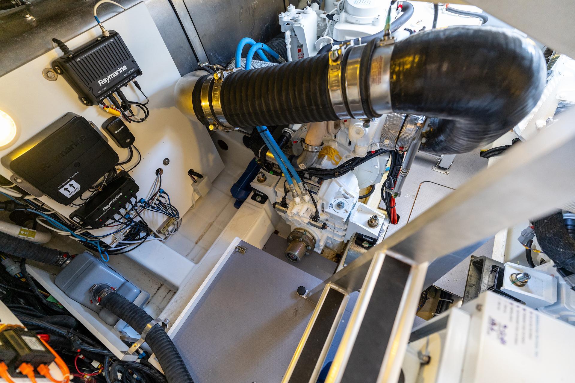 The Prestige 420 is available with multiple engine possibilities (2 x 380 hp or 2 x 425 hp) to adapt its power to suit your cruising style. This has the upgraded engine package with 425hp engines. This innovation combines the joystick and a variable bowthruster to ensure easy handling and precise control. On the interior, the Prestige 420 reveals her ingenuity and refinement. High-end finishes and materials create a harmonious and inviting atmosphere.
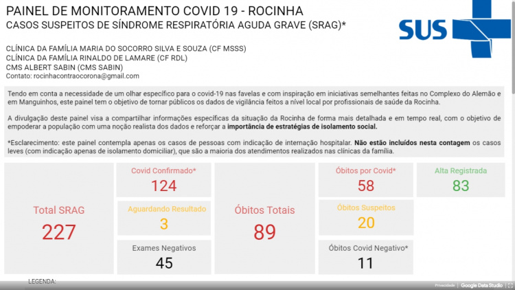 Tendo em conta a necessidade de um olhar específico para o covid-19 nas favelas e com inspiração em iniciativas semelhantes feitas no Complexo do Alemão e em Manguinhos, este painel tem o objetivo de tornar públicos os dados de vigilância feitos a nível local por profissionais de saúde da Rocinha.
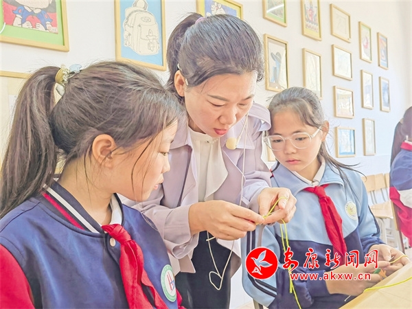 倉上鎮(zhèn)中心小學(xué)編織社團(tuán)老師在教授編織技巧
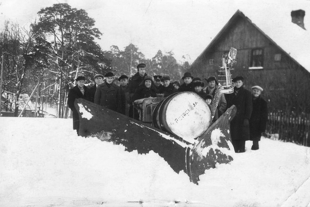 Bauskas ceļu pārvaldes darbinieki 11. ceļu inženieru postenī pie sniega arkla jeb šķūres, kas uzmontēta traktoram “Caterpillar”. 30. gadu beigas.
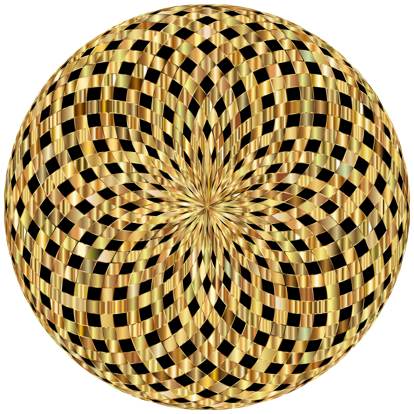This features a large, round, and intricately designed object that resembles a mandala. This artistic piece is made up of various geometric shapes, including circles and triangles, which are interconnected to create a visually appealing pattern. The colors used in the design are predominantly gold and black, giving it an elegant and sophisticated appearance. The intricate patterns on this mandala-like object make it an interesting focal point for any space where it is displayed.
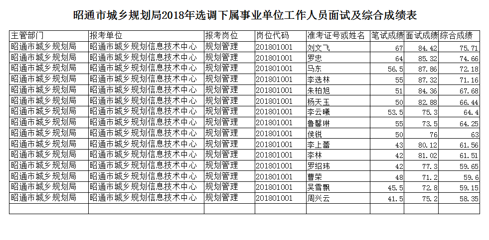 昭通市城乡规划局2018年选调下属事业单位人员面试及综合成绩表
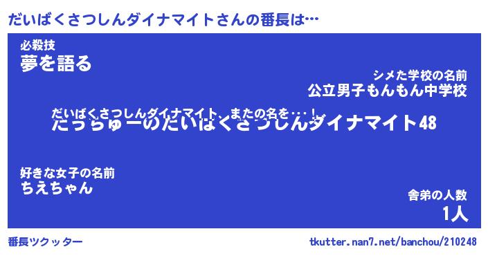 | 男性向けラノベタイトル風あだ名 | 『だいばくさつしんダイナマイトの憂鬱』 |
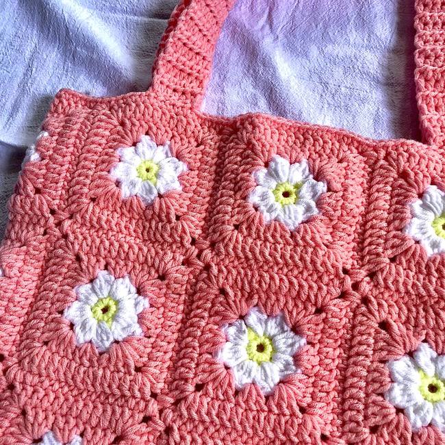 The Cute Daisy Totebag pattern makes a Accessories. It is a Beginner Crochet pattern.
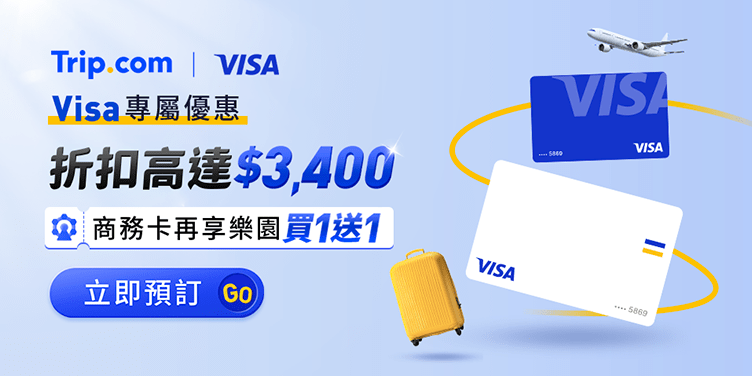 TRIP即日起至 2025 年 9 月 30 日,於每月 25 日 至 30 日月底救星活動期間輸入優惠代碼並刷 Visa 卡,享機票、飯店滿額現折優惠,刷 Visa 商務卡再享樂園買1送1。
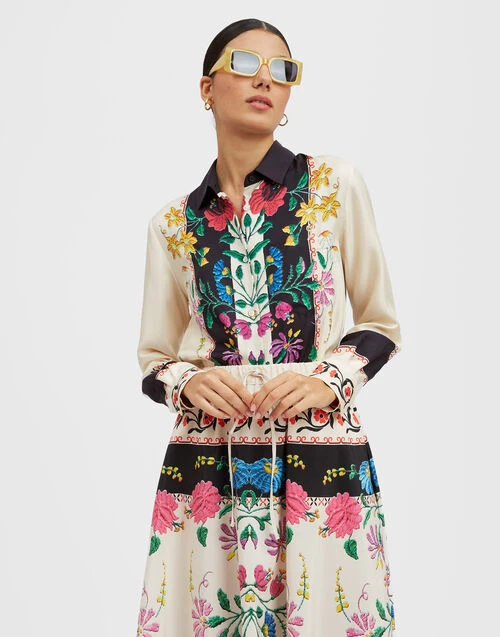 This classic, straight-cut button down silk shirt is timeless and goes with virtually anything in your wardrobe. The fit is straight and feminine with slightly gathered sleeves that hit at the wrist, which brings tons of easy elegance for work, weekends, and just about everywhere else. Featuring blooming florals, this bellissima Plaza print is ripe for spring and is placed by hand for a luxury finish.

++++++++++++++++++++

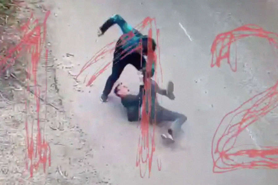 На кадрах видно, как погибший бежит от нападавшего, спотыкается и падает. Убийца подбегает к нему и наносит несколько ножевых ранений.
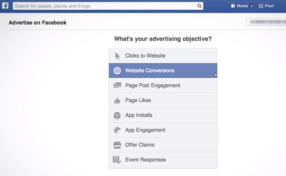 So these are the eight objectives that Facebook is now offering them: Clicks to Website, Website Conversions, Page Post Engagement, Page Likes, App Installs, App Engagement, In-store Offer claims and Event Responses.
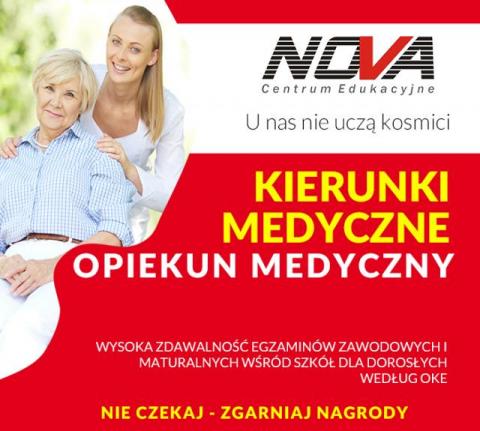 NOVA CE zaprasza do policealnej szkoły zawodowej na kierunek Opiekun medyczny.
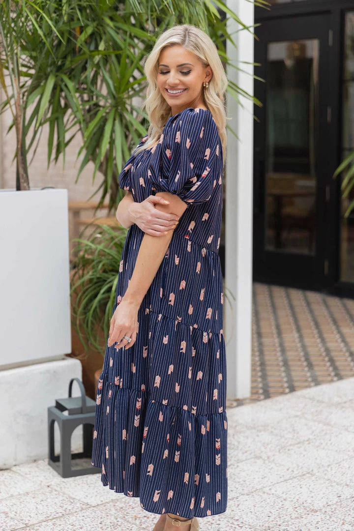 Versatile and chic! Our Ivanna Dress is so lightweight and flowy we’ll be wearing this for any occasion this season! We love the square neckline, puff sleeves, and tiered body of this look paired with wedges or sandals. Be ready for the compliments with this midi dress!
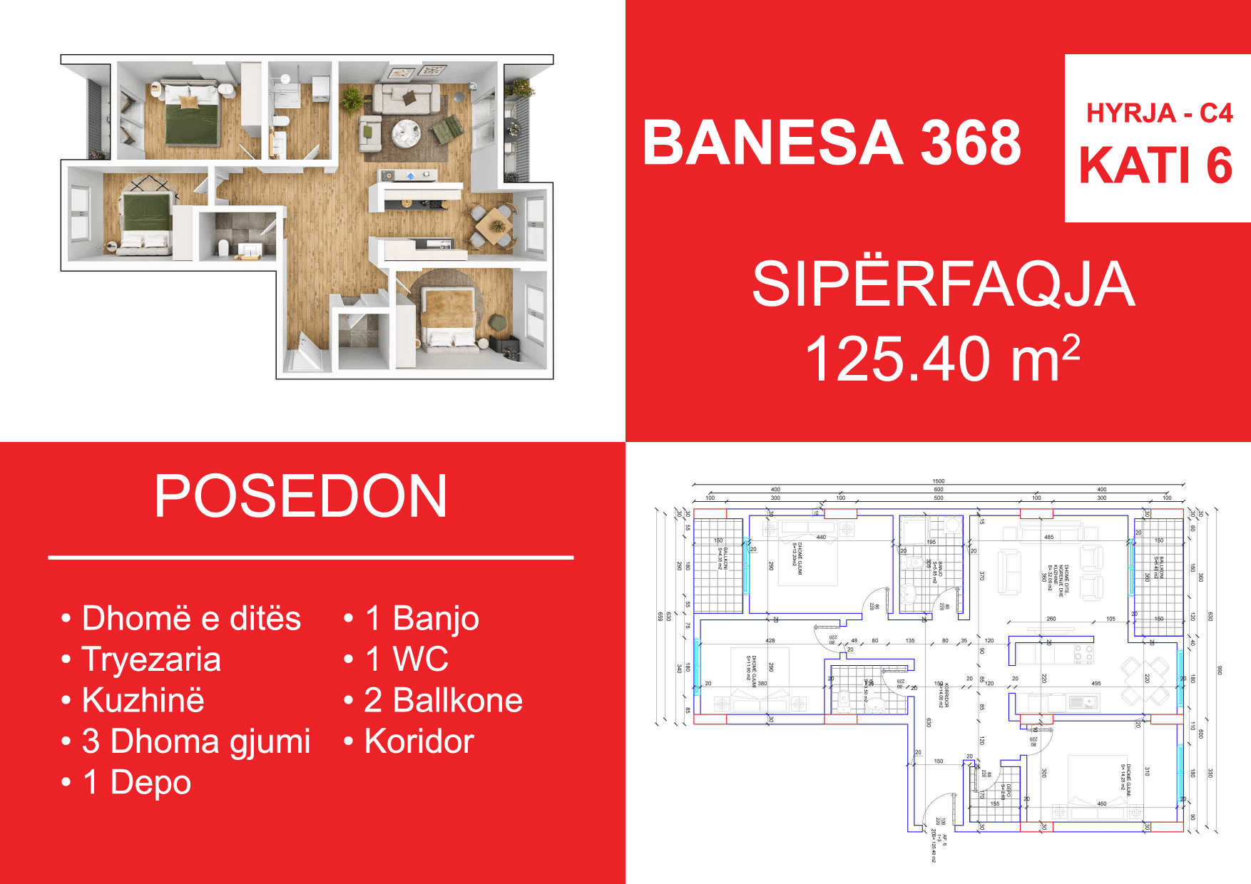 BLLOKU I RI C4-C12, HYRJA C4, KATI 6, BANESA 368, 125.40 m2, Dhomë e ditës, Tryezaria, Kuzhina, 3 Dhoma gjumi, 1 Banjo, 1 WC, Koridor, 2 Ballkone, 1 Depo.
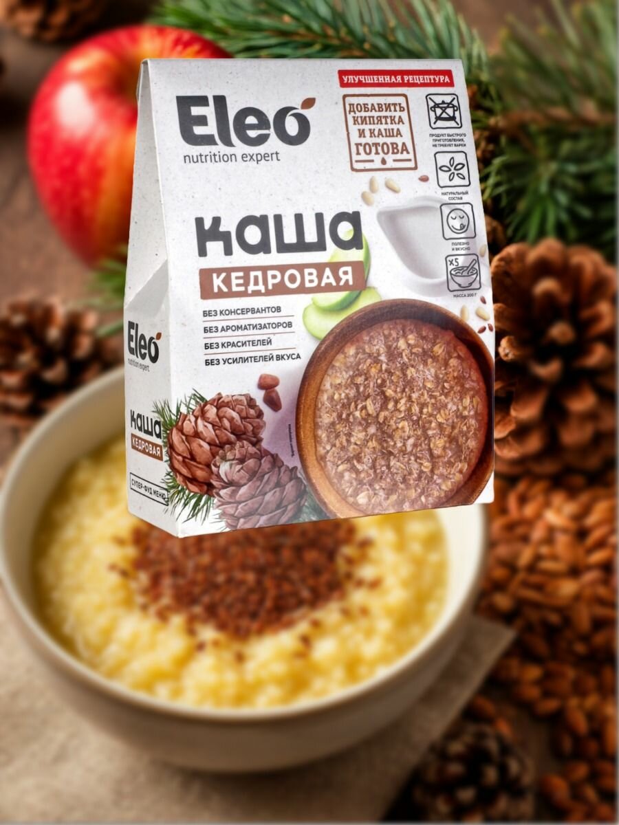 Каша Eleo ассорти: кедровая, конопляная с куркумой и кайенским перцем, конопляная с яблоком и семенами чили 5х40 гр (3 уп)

++++++++++++++++++++

* **What to do**: Print exactly the lines above that run from the one with "TRIP即日起至 2025 年" to the one with "This classic, straight-cut", both included. No pictures.

* **Solution for this problem**:
 TRIP即日起至 2025 年 9 月 30 日,於每月 25 日 至 30 日月底救星活動期間輸入優惠代碼並刷 Visa 卡,享機票、飯店滿額現折優惠,刷 Visa 商務卡再享樂園買1送1。
 This classic, straight-cut button down silk shirt is timeless and goes with virtually anything in your wardrobe. The fit is straight and feminine with slightly gathered sleeves that hit at the wrist, which brings tons of easy elegance for work, weekends, and just about everywhere else. Featuring blooming florals, this bellissima Plaza print is ripe for spring and is placed by hand for a luxury finish.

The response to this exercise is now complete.